The predict() function can provide prediction standard errors for the linear predictor, with se.fit, but those are only half the story when predicting new data. The standard errors only include the uncertainty information about the linear predictor curve. For full prediction uncertainty, we need to take the observation variation into account, which lm() estimated via the variance of the residuals. Since the residuals for new observations is assumed to be conditionally independent of the predictor curve, the prediction variance can be estimated as the sum of the square of the prediction standard error and the residual variance, if the degrees of freedom is large. For the help text for lm() we see that when se.fit=TRUE, the output list contains the elements

  • fit: vector or matrix (depending on the interval argument)
  • se.fit: standard error of predicted means
  • residual.scale: residual standard deviations
  • df: degrees of freedom for residual
# When creating a tibble, the construct can use variables defined
# first in the later variables; here we use x when constructing y:
df <- tibble(x = rnorm(10),
             y = 2 + x + rnorm(10, sd = 0.1))
# Estimate a model:
fit <- lm(y ~ x, data = df)
# Compute prediction mean and standard deviations and add to df_pred:
df_pred <- data.frame(x = seq(-2, 2, length.out = 100))
pred <- predict(fit, newdata = df_pred, se.fit = TRUE)
df_pred <- df_pred %>%
  mutate(mean = pred$fit,
         se.fit = pred$se.fit,
         sd = sqrt(pred$se.fit^2 + pred$residual.scale^2))
ggplot(df_pred) +
  geom_line(aes(x, se.fit, colour = "se.fit")) +
  geom_line(aes(x, sd, colour = "sd")) +
  ylab("Std. deviations")

If we also ask for prediction intervals, we need to modify the code a bit. From comparing the interval width results from predict() with those from an interval assuming t-distributions, we see that they are identical up to floating point accuracy.

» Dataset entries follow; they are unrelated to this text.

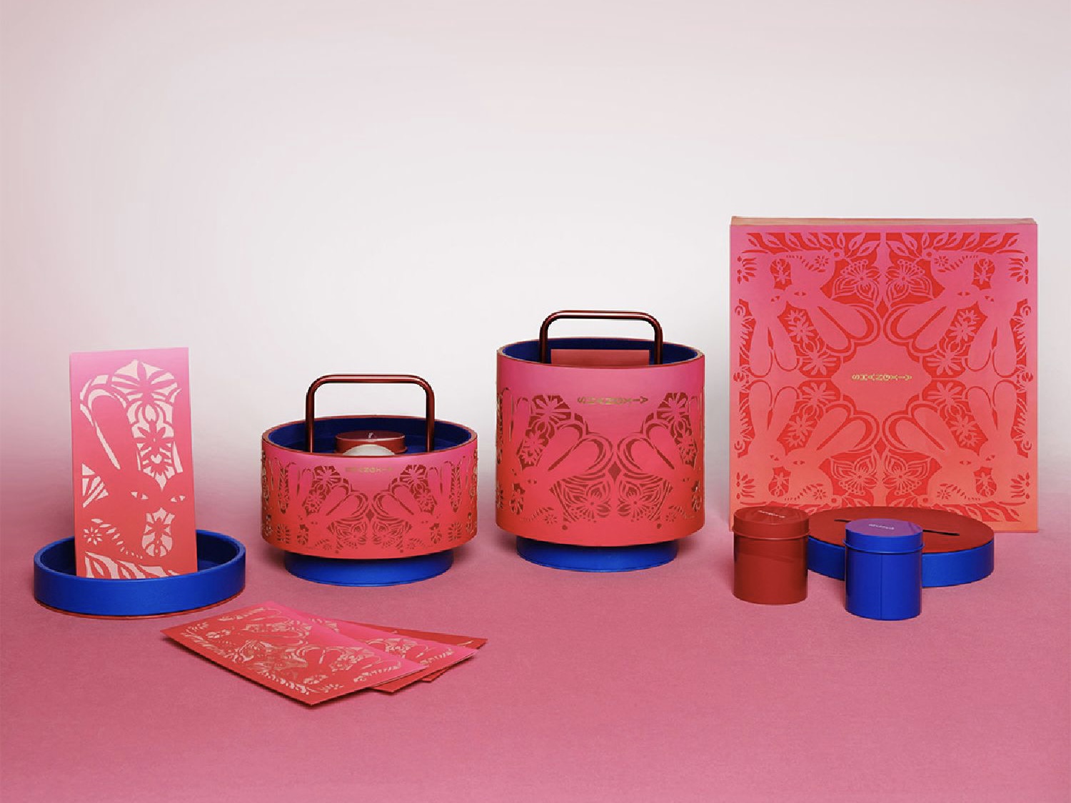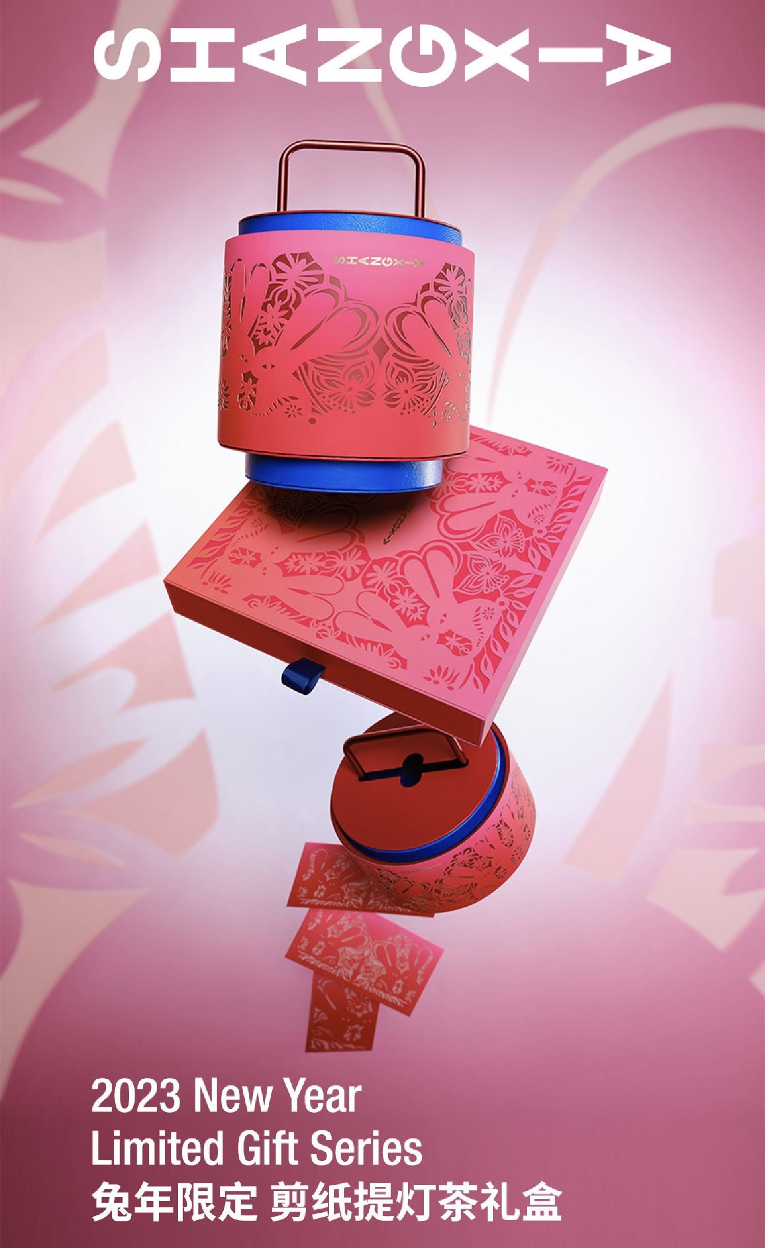 提灯茶礼盒剪纸限定款。光明,新生的隐喻,当灯火照亮城市街巷,家与爱尽可抵达,茶礼盒造型源自东方经典提灯,取灯火意象寄予温暖和希望。轻提灯笼,为你点亮归途,浪漫抵达。新年为礼遇季节特别设计兔年剪纸红包,对称与镂空结构空灵别致,将新年意趣和诚挚祝福珍藏。[1]
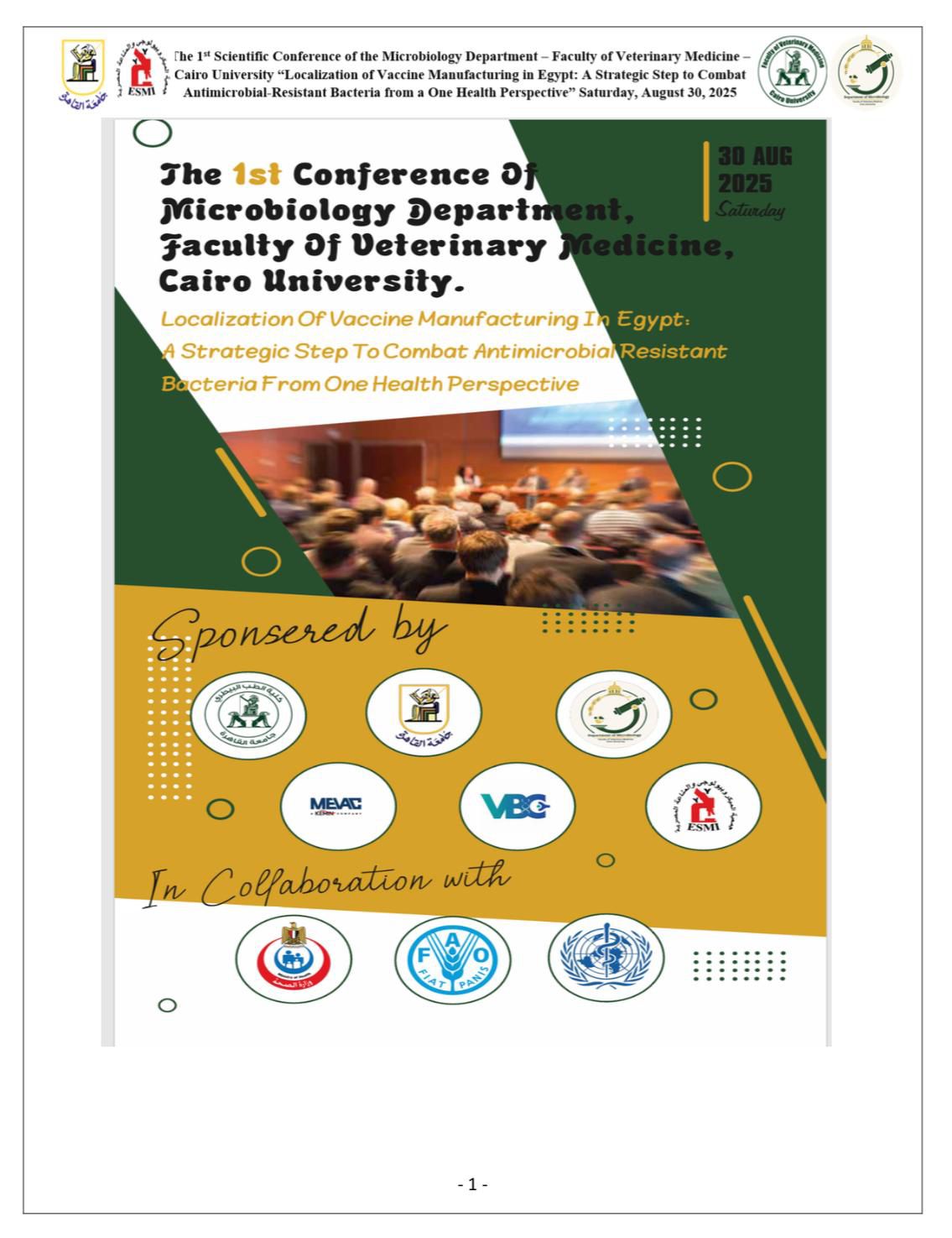 نظمت كلية الطب البيطري بجامعة القاهرة، تحت رعاية الدكتور محمد سامي عبد الصادق رئيس الجامعة، وبحضور الدكتور محمود السعيد نائب رئيس الجامعة لشئون الدراسات العليا والبحوث، وإشراف الدكتورة إيمان بكر عميد الكلية، المؤتمر العلمي لقسم الميكروبيولوجي تحت عنوان "توطين صناعة اللقاحات في مصر: خطوة استراتيجية لمواجهة البكتيريا المقاومة للمضادات الحيوية من منظور الصحة الواحدة".
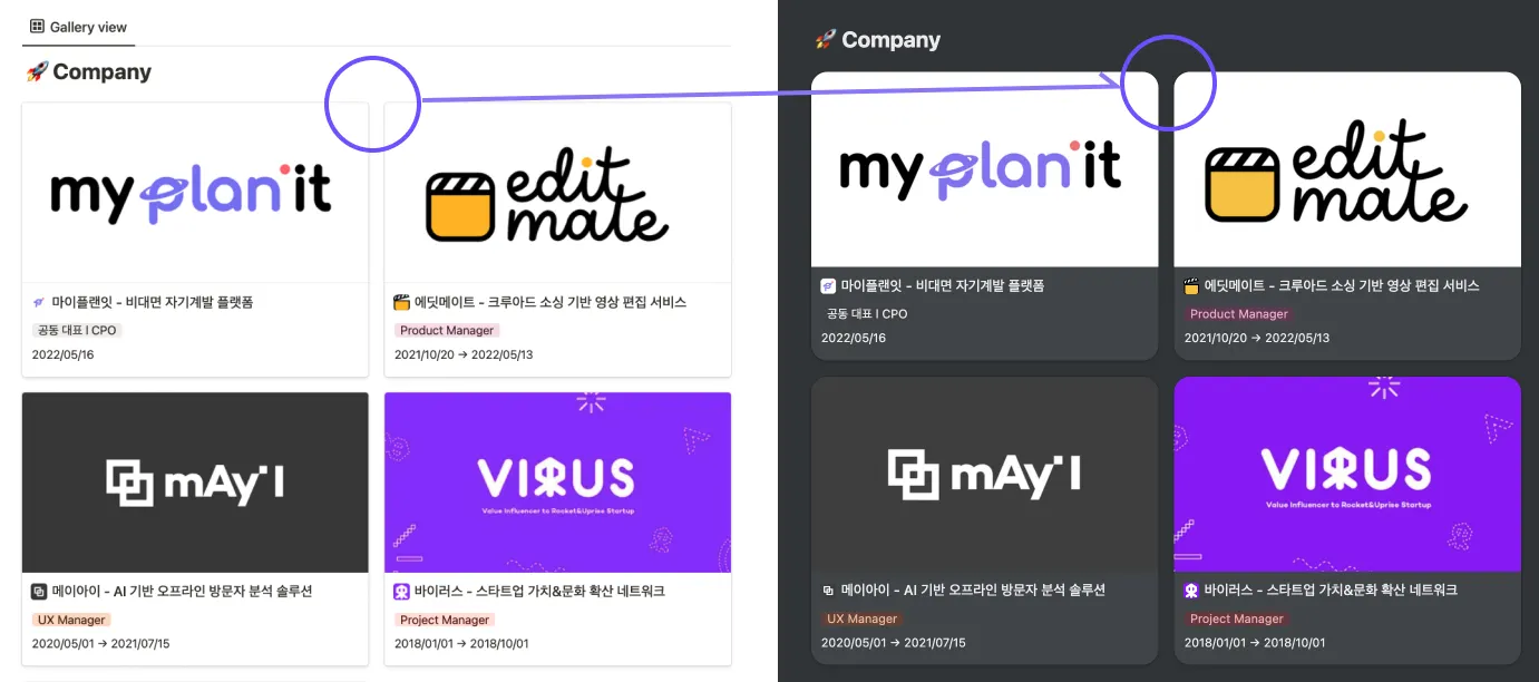 노션 페이지에 있는 이미지 블록, 콜아웃 블록, 갤러리 및 보드 데이터베이스의 모서리를 둥글게 만들기
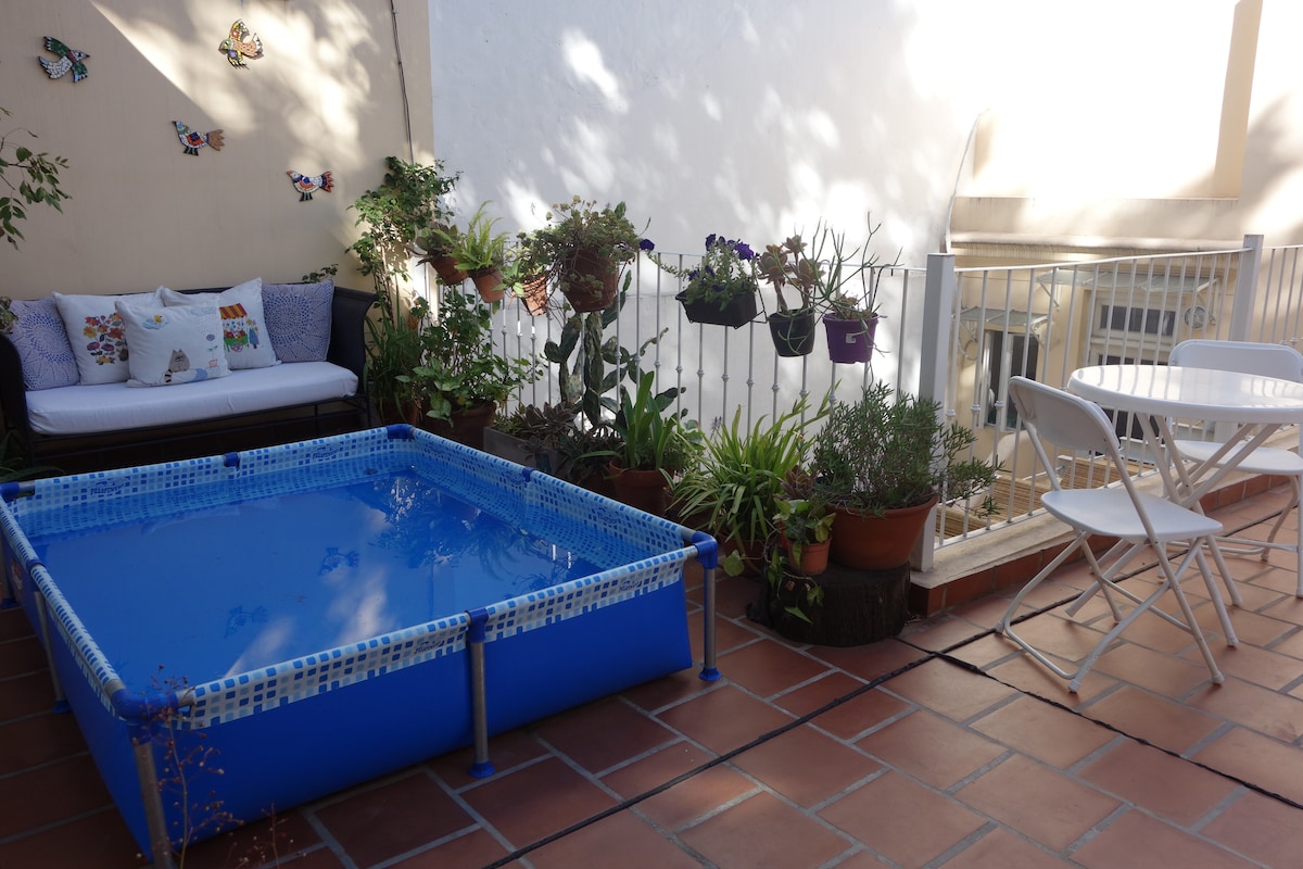Access through the patio of the ground floor apartment. The studio apartment is located on the first floor of a house and is accessed through the staircase of an outdoor patio. It has its own terrace level. On the ground floor I live, a 48 year old architect. *** WiFi Private kitchen. Private bathroom. Dining area. Terrace with grill and outdoor shower. Bed 90cm wide, table, shelves, coat rack, drawers, air conditioner. Bed-sheets. Washing machine.

# Compute prediction mean and standard deviations and add to df_pred:
df_pred <- data.frame(x = seq(-2, 2, length.out = 100))
pred <- predict(fit, newdata = df_pred, se.fit = TRUE, interval = "prediction")
df_pred <- df_pred %>%
  mutate(mean = pred$fit[, "fit"],
         lwr = pred$fit[, "lwr"],
         upr = pred$fit[, "upr"],
         se.fit = pred$se.fit,
         sd = sqrt(pred$se.fit^2 + pred$residual.scale^2))
ggplot(df_pred) +
  geom_line(aes(x, upr - lwr - (qt(0.975, pred$df) - qt(0.025, pred$df)) * sd)) +
  ylab("Interval width difference") +
  xlab("x")

Handling non-Gaussian precipitation

While the assessment methods requested in the project description are valid for non-Gaussian predictions, the non-Gaussianity of the precipitation data is still very noticeable on the monthly average scale. An effect of this is that the constant variance assumption of a basic lm() model isn’t a good fit to the data. To improve this, you can take the square root of the monthly averages before applying the modelling in part 2. You may also do all the model and prediction assessment on this square-root version of the data.